Today, “the best years” continues to find new fans. One of them is Jeremy Haynes, a retired army major who presented the film when Turner Classic Movies aired “Best Years” last Veterans Day. Inspired to join the military after witnessing the collapse of the Twin Towers on 9/11, Haynes served in Afghanistan as part of OEF. He was shot four times during a 2014 mission in Kabul and was eventually sent to Walter Reed National Military Medical Center for rehabilitation, the same hospital where Harold Russell struggled to learn how to use the steel hooks who replaced his hands.

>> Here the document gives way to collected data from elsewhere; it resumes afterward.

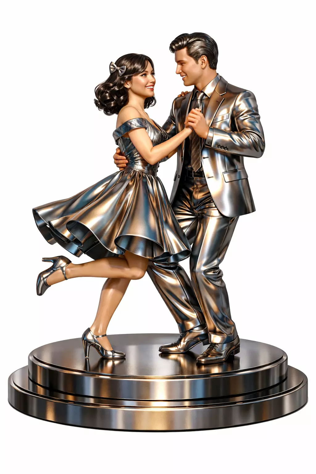 This is an Ai Generated non movable 3d model of a romantic couple dancing gracefully on a decorative podium. The design captures emotion movement and harmony making it ideal for artistic decor wedding themes anniversary gifts and romantic interior visualization.
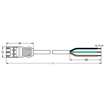 pre-assembled connecting cable; Eca; Plug/open-ended; 3-pole; Cod. S; H05VV-F 3 x 1.5 mm²; 5 m; 1,50 mm²; brown Wago
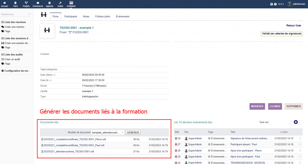 Mit DoliMeet können Sie folgen:meetings und Protokolle, schulungen mit Teilnahme- und Leistungsnachweis, audits mit dem Bericht

Haynes’ injuries left him paralyzed. His journey to regain his strength and adapt to life as a paraplegic was long and difficult, just like Russell’s 70 years earlier. Watch “Best Years,” Haynes recognized in his characters his own initial reluctance to “give in” to the “thought process” necessary to readapt.

In his intro for TCM, he noted, “One thing that’s also shared in the movie is that when a fighter goes home, it’s that mindset that you can reset and everything goes back to normal. But for most fighters, the battle is just beginning again. …Now you fight the mental piece or the physical piece. The battle for readjustment, which Sherwood initially assumed would be short-lived for most WWII veterans, continues to this day.